But Glynn could not tear himself from Paris. How often he recalled the circumstances under which he had uttered these words to Elsie; they were almost the last he had spoken to her. He could almost hear the soft, tremulous tones in which she promised to listen to his reasons for not being able to tear himself away. No, it was impossible that she could have had the smallest anticipation of the dreadful catastrophe which awaited her. Yet her very last words—her last look haunted him. The questioning, wondering glance, the half-whisper—"you puzzle me!"
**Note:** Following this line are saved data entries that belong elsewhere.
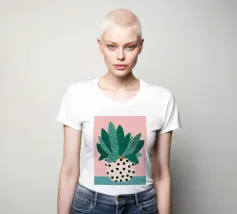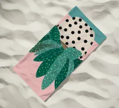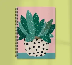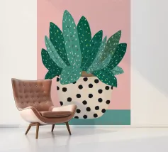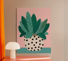 Illustrazione di un cactus verde vibrante in un grazioso vaso bianco a pois neri. Lo sfondo rosa tenue rende questo pezzo d'arte botanica moderna carino, trendy e giocoso.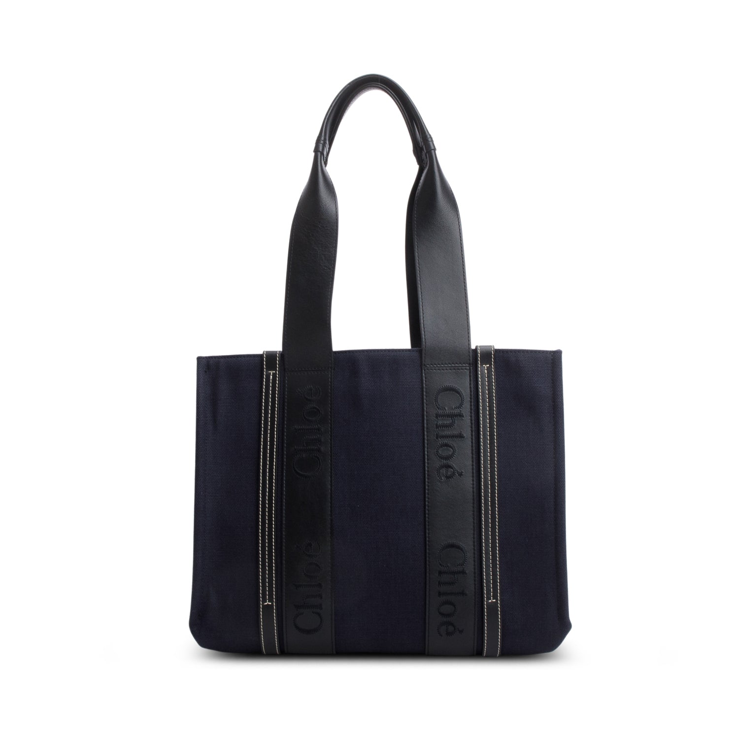 Blue Calfskin Linen Medium Denim Woody Tote Bag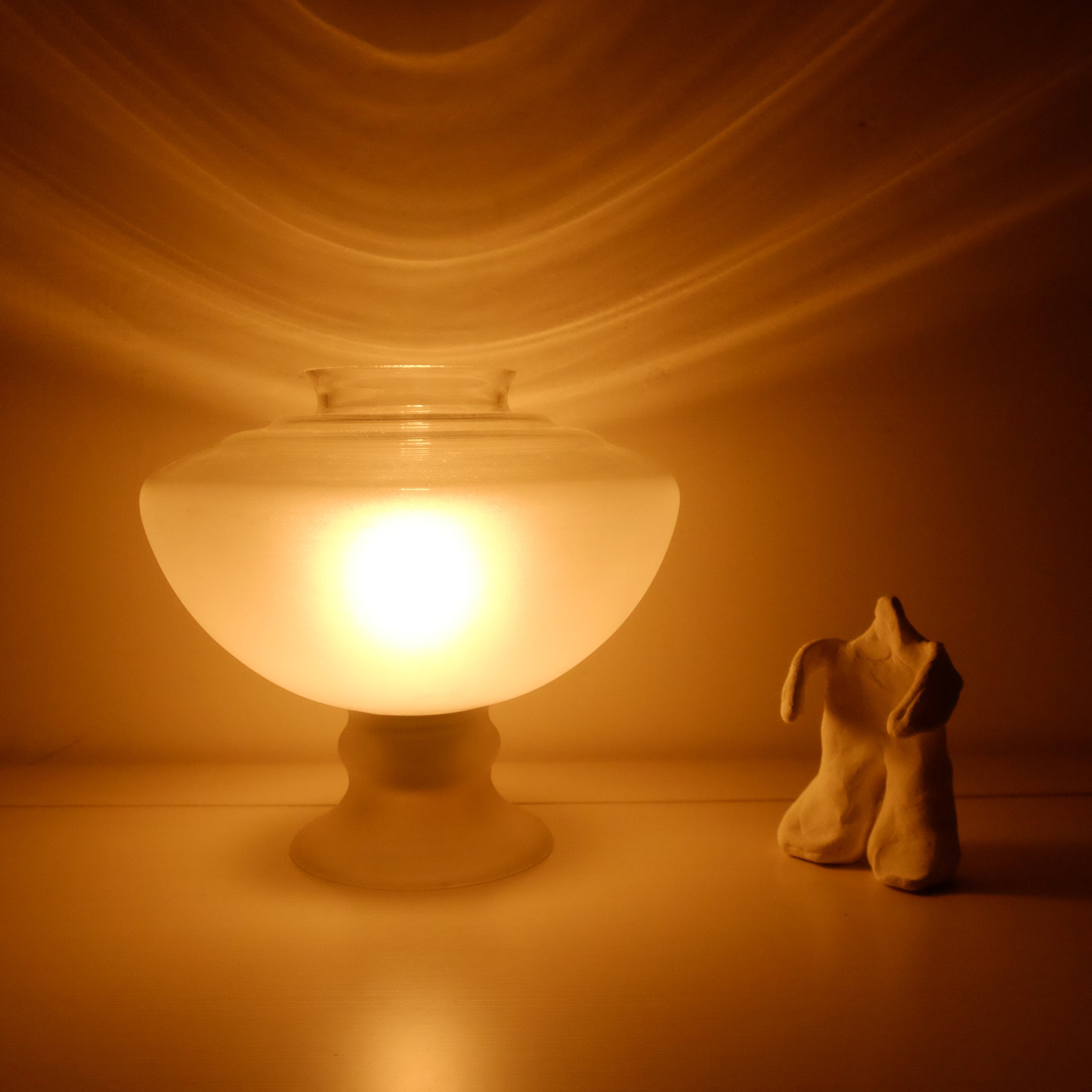 点灯させると上部にはガラスの波紋が、下には柔らかく光が広がります。

Twice during this miserable period of indecision Glynn encountered Vincent,—once on the stair leading to Lambert's abode, and once in the Boulevards.

In the first instance he greeted Glynn with the frankest expression of sorrow and sympathy for the great misfortune which had befallen Lambert, mentioning his own deep grief, and his compassionate forgiveness of Lambert's injurious accusations against himself.

Glynn found Lambert in a state of furious excitement after this visit, and uttering violent half-unintelligible threats against Vincent.

On their second meeting Glynn tried to pass him, but in vain, and was obliged to listen to a string of suggestions and conjectures respecting the supposed fugitive which nearly drove him to throttle his interlocutor and fling him into the street under the hoofs of the passing horses, especially as he felt that Vincent's small, penetrating, watchful eyes were intently, searchingly fixed on his face while he spoke.

At length letters from his partners obliged him to quit the scene of so much suffering and disaster.

It was with the deepest reluctance that Glynn bid Lambert good-bye. The unhappy father still wore the same aspect of helplessness, of sullen submission to the irresistible. He scarcely heeded Glynn's announcement of his immediate departure, and merely answered his ardent request for the earliest information respecting any crumbs of intelligence in the affirmative. He put Glynn's card in his pocket-book mechanically. Yet he wrung his hand hard at parting, and bid God bless him, brokenly—yet heartily.

Glynn, not satisfied with Lambert's promise, obtained an interview with M. Claude, who was even more curt and immovable than ever. He, however, condescended to promise that he would not fail to let him know should any traces of the missing girl be found.

Glynn was not perhaps fully aware of the withering change which the torture of the last three weeks had wrought in him until he attempted to resume the routine of his former life. The color and flavor seemed to have been extracted from existence, nothing was left worth hoping for, working for, living for, and the heads of his firm exclaimed at his haggard, worn aspect.

The second day after he had resumed his attendance at the office he found himself too faint and dizzy to continue the writing on which he was engaged. His head ached intensely, his pulses throbbed. He rang, and began to explain to the clerk who answered his summons that he felt so ill he must return home; but before he could finish his sentence he fell heavily at the feet of his startled hearer. He was conveyed carefully to his own residence, which he did not leave for many weeks,—not till he had been brought to the verge of the grave by a fierce brain-fever.